I would like the lines below, from the one with "Alejandra Barreneche es" through the one with "今回のモデルは「Made in Japan", copied exactly and without any pictures.

***

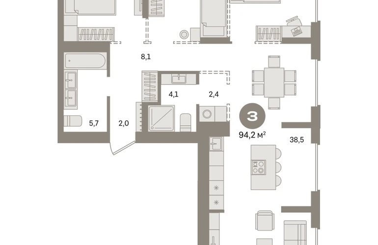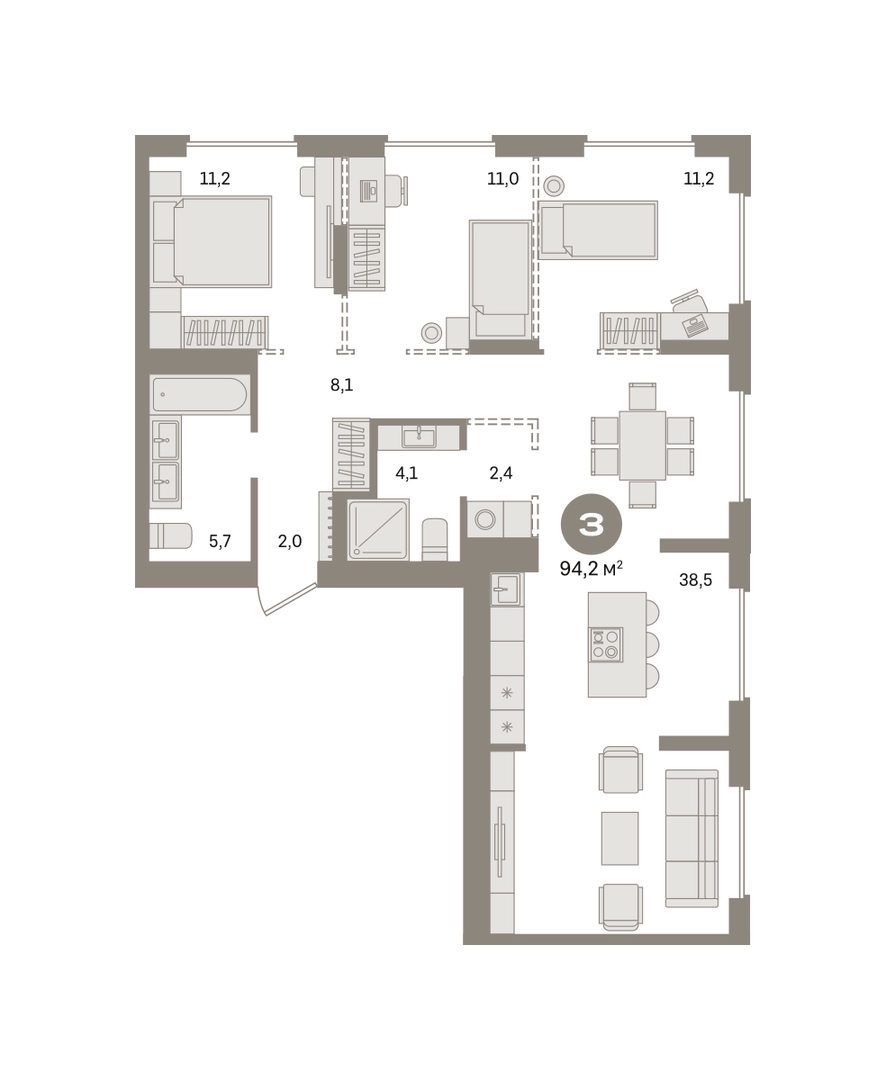Продаётся с кладовой. Квартира с кухней-гостиной и тремя спальнями в «Первом квартале». Особенности планировки: второй санузел, свободная планировка, постирочная. № квартиры в нашей базе: МТК07-Ж1.15.2.О застройщике
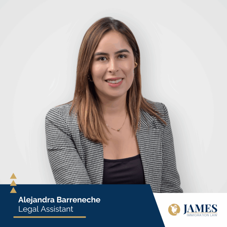 Alejandra Barreneche es Asistente Legal en James Immigration Law, donde prepara formularios de inmigración, redacta cartas de presentación y arma los portafolios de los clientes con precisión y cuidado. Aporta experiencia en la recolección de documentos y el seguimiento de casos, así como una trayectoria previa como Asistente de Inmigración en Nueva Zelanda, apoyando solicitudes de visas en un entorno multicultural.
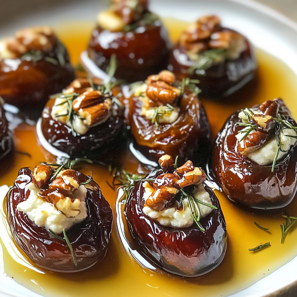Roasted Stuffed Dates are a delightful addition to any gathering, offering a perfect blend of sweet and savory flavors. These exquisite bites feature plump Medjool dates stuffed with creamy cheese and topped with crunchy walnuts, fresh rosemary, and a hint of orange zest. Whether served as an appetizer at a party or enjoyed as a healthy snack, these stuffed dates are sure to impress. With minimal prep time and a simple baking process, you can whip up this gourmet treat in just 30 minutes. The drizzle of hot honey adds the finishing touch, enhancing the overall sweetness and making them irresistible.
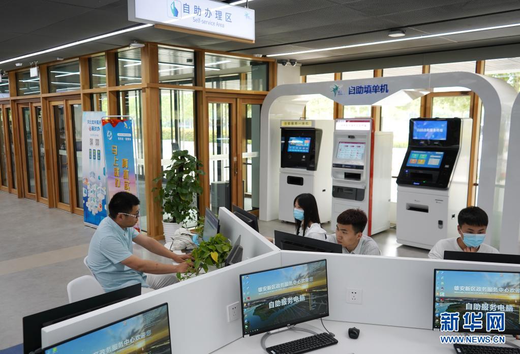 5月12日,在河北雄安新区政务服务中心自助办理区,居民使用自助服务电脑办理业务。
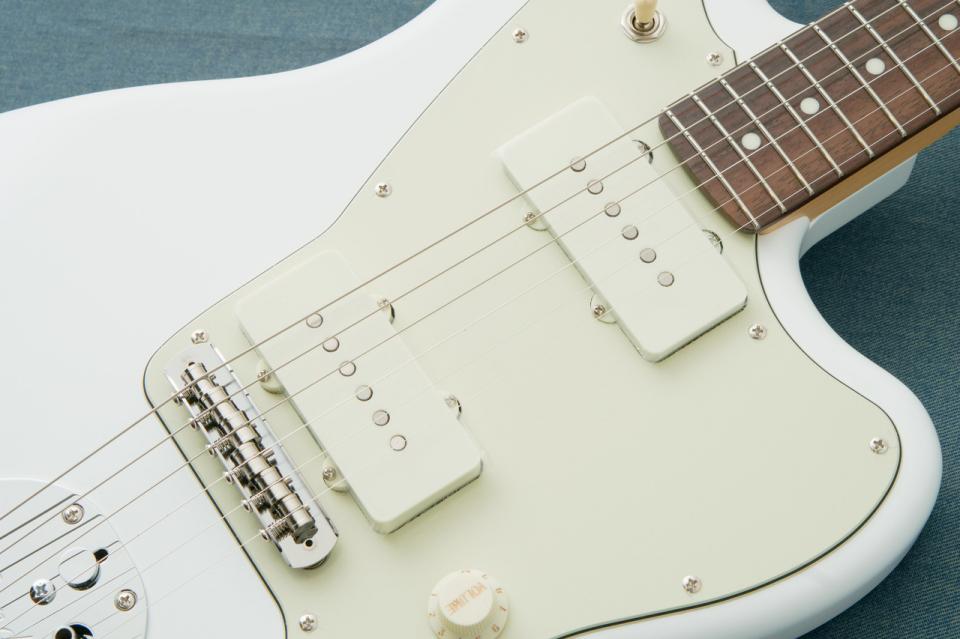 今回のモデルは「Made in Japan Hybrid II Jazzmaster」を限定カラー「Satin Arctic White」とマッチングヘッドを採用した特別仕様となります。
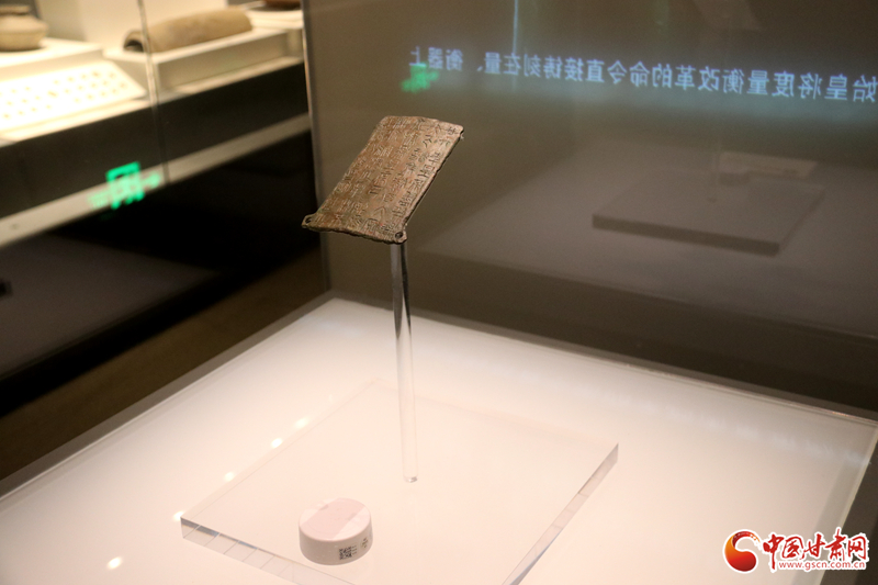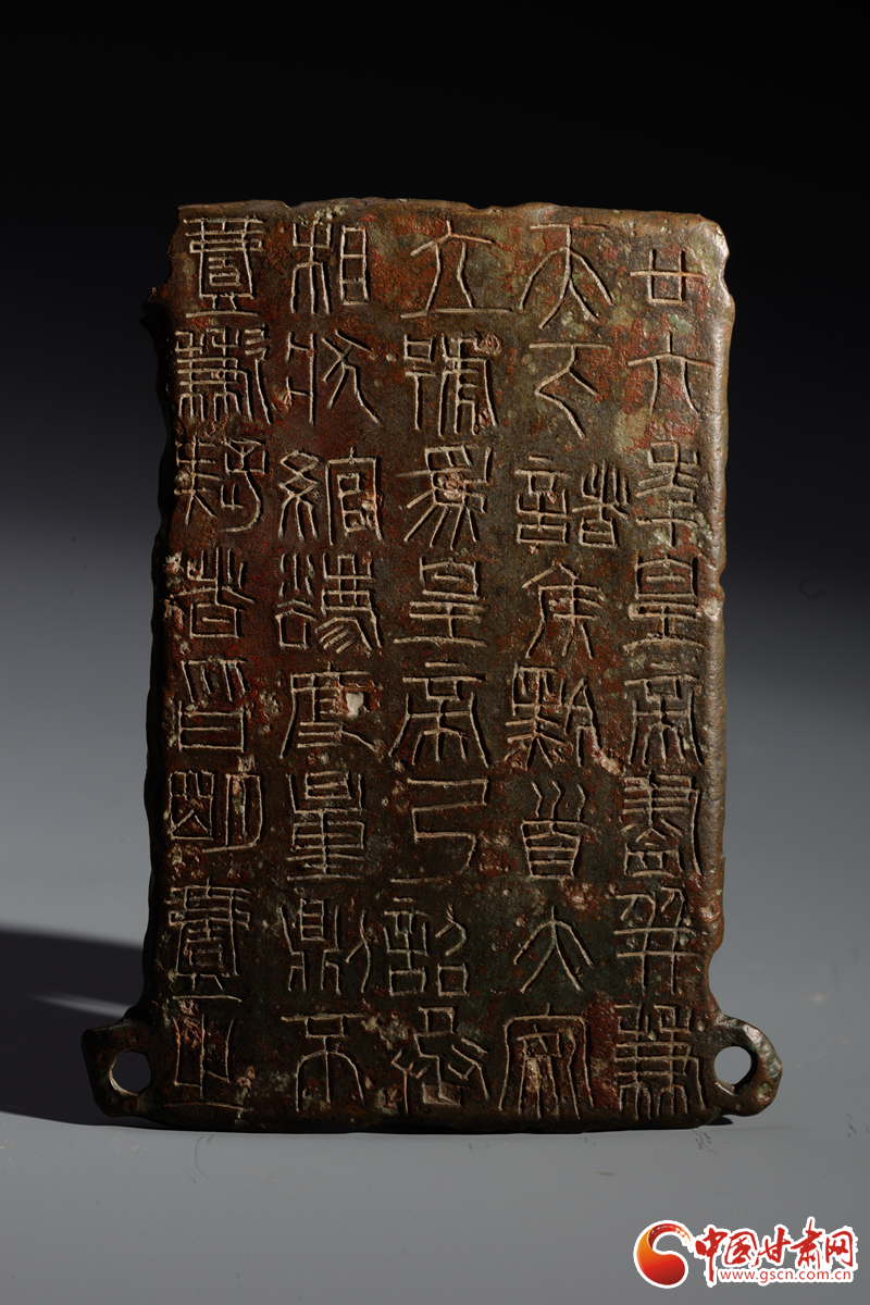 中國甘肅網9月14日訊(西北角·中國甘肅網記者 孫珩力)秦詔版,是指刻有秦始皇或秦二世統(tǒng)一度量衡詔書的銅版,有的鑲在鐵權、銅權上;有的四角有孔,用以釘在木頭的量器上。目前我國出土的刻有秦始皇詔文的遺物有銅橢量、銅錢等,不僅數(shù)量多而且分布也廣,而像這樣把詔文刻在銅版上的詔版形式在全國極為罕見,鎮(zhèn)原縣博物館收藏的就是其中之一,可謂稀世珍品。
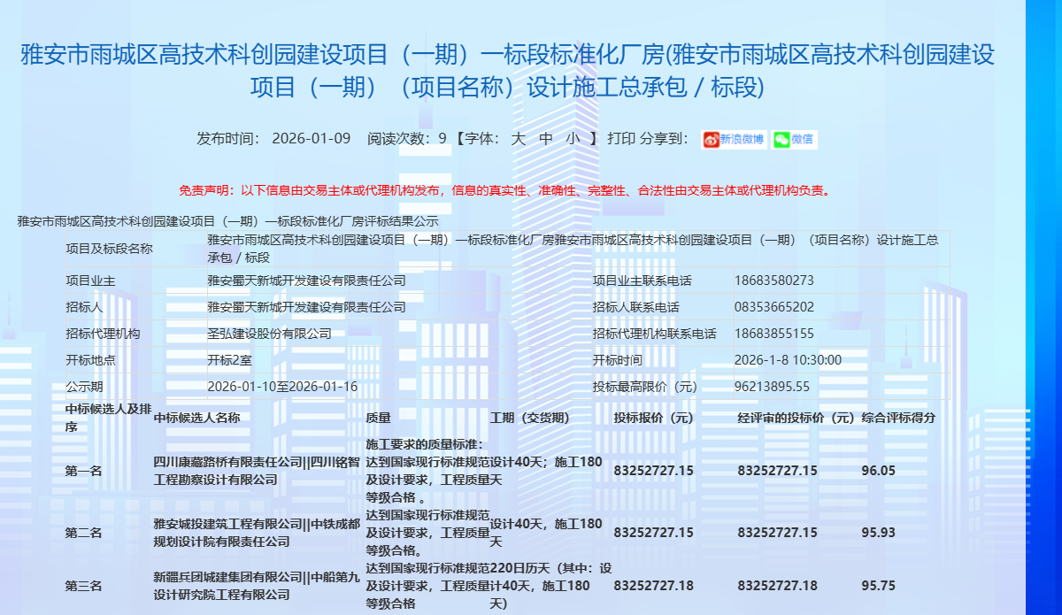 蓄勢突破,奮楫開新?挡芈窐蚬境晒孬@雅安市雨城區(qū)高技術(shù)科創(chuàng)園建設(shè)項目(一期)一標(biāo)段標(biāo)準(zhǔn)化廠房項目,中標(biāo)金額8325.27萬元,為公司2026年發(fā)展強勢開篇,迎來馬年“開門紅”。
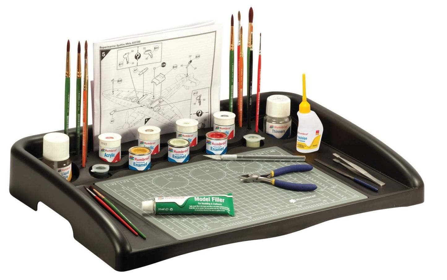 Double depth sections for holding 9 x 14ml Humbrol Enamel or Acrylic pots, 3ml Humbrol Acrylic pots, or 14ml dropper bottles. Double depth water cup holders, allow the modeller to place Humbrol 28ml products, such as; matt, satin & gloss cotes, Decalfix, Maskol, Clearfix, Thinners and Liquid Poly. Designed to fit the Humbrol A4 Cutting mat within the working area. Easy to hold handles either side of the Work Station. A4 Instruction sheet holder. Brush and tool holders. Please Note: Paints, brushes and other Humbrol products shown are not included.

***

# The completed task
 Alejandra Barreneche es Asistente Legal en James Immigration Law, donde prepara formularios de inmigración, redacta cartas de presentación y arma los portafolios de los clientes con precisión y cuidado. Aporta experiencia en la recolección de documentos y el seguimiento de casos, así como una trayectoria previa como Asistente de Inmigración en Nueva Zelanda, apoyando solicitudes de visas en un entorno multicultural.
Roasted Stuffed Dates are a delightful addition to any gathering, offering a perfect blend of sweet and savory flavors. These exquisite bites feature plump Medjool dates stuffed with creamy cheese and topped with crunchy walnuts, fresh rosemary, and a hint of orange zest. Whether served as an appetizer at a party or enjoyed as a healthy snack, these stuffed dates are sure to impress. With minimal prep time and a simple baking process, you can whip up this gourmet treat in just 30 minutes. The drizzle of hot honey adds the finishing touch, enhancing the overall sweetness and making them irresistible.
 5月12日,在河北雄安新区政务服务中心自助办理区,居民使用自助服务电脑办理业务。
 今回のモデルは「Made in Japan Hybrid II Jazzmaster」を限定カラー「Satin Arctic White」とマッチングヘッドを採用した特別仕様となります。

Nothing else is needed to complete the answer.